My Lords, the Government’s overarching principle in procuring public services in the private sector is to secure the best quality and value for money for the taxpayer over the life of the contract. On coming to power in 2010, the Government found that public sector procurement was fragmented, bureaucratic, protracted and expensive, both for bidders and for procurers. The procurement reforms we have introduced since 2010 have made the way we do business more competitive, more transparent, better value and far simpler than before.
Does the Minister agree with me that blaming the past for our problems in the present does not actually get us very far? Does he also agree with virtually everybody else that we are being ripped off by these companies, not only on energy prices but also in the Work Programme and in health assessments and rail fares? We learnt from the Financial Times only this morning that the Government are concerned that we are being ripped off by the water companies. What steps are the Government taking to rebuild public trust, and hold down the cost of living, by giving social obligations a higher priority and encouraging an attitude of public service?
My Lords, I hope you will accept that there is, to some extent, a difference between the relationship that the Government have with water companies and energy suppliers, which have regulators, and the direct contracts that the Government have with particular suppliers such as Serco and G4S. The concerns that we have at present over Serco and G4S are widely known. The Government are conducting a review of contracts with Serco and G4S across the board.
Does my noble friend recall that, prior to 1979, hundreds of local authorities had direct labour departments building council homes and carrying out maintenance at a massive loss of billions of pounds to the local ratepayers and the taxpayer in general? In 1979, very early on, those councils were prevented from doing that and the private sector construction industry was brought in to build those flats. Is that not a better way forward, and has that not been proven over the years?
My Lords, I think we have discovered yet again that there is no perfect way of providing goods and services and that each model has its own advantages and disadvantages. The Government are currently doing their best to encourage the development of mutuals. Some weeks ago I went round the mutual housing association operating in Bradford, and it was doing a superb job, in particular in training apprentices. But of course there are good examples and bad examples in almost every sector.
My Lords, does the Minister agree that transparency can only improve the delivery of public services by private sector companies?

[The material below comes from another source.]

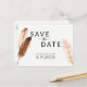 A simple save the date postcard with feather illustration image, compatible for both outdoor (garden) and indoor modern wedding or engagement party.
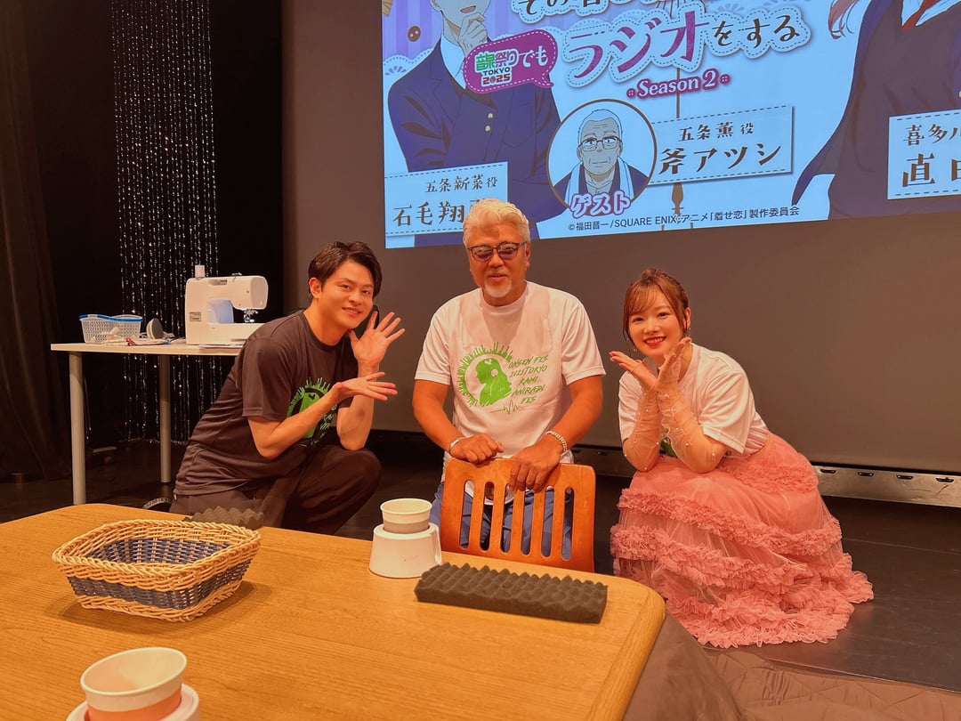 The Gojou Family: Ishige Shouya (Gojou Wakana), Suguta Hina (Kitagawa Marin) and Ono Atsushi (Gojou Kaoru) at the “That Cosplay Doll Does Radio at the Onsen Festival Too” public recording event

If he does, can he explain exactly why the Government continue to resist the extension of the Freedom of Information Act to the provision of public services by private sector companies?
In the light of the recent criticisms of past exercises in public procurement, can the Minister give the House an absolute assurance that the Government will in future ensure that in every such procurement the reasons and objectives are clearly laid out so that delivery can be monitored and success assessed; that a realistic and workable alternative is available so that the Government do not in the last hours find themselves negotiating over a barrel; and, lastly, that the Government are clear about which risks they will keep and, when they want to allocate those risks to the operator, how that will be achieved?
My Lords, I wish that every potential risk was clear before one ever signed a contract, as that is part of the problem. The Government are aware that part of the problem with public procurement is that it has proved easier to contract with very large-scale providers which then very often subcontract to other suppliers. We are moving towards the target of 25% of contracts going to small and medium-sized suppliers so that there are direct relations with those who are actually on the ground providing the service in the regions and the localities. That is one of the things that we hope will improve the quality.
My Lords, does the Minister agree that the original concept of hiring commercial enterprise to conduct the business of the Government was meant to gain better efficiency and value for money? Does he agree that this has failed in the sense that most of these private contractors actually spend most of their time enhancing their profit margins instead of looking after the service that they are supposed to be providing? Serco, as he has already mentioned, is the classic example where, I believe, there are allegations of fraudulent activities.
My Lords, in the case of Serco, the noble Lord will have seen that a number of senior executives have resigned in recent weeks. We welcome that and see it as a positive first step in the process of corporate renewal. Across the board, however, I am not sure that I would wish to blacken every company providing services for the state in the way that the noble Lord has perhaps suggested.
My Lords, I declare my interests as set out in the register. Does my noble friend the Minister accept that there are millions of privately employed workers delivering public services who go to work every day completely dedicated to the quality of services that they deliver to the public? Does he recognise that, in tribute to their efforts, we should be clear that you do not have to be a public sector employee in order to be a public sector servant?
My Lords, one of the reasons why the Government are attempting to encourage more mutuals in this area is that there is considerable evidence that people who work for mutuals have a much stronger sense of service, job satisfaction and co-operative working.
My Lords, can the Government explain why, on the recently announced east coast main line franchise, they have allowed the state railways of the Netherlands, Germany and France to bid but not the directly operated railways that are owned by this Government? What is the difference?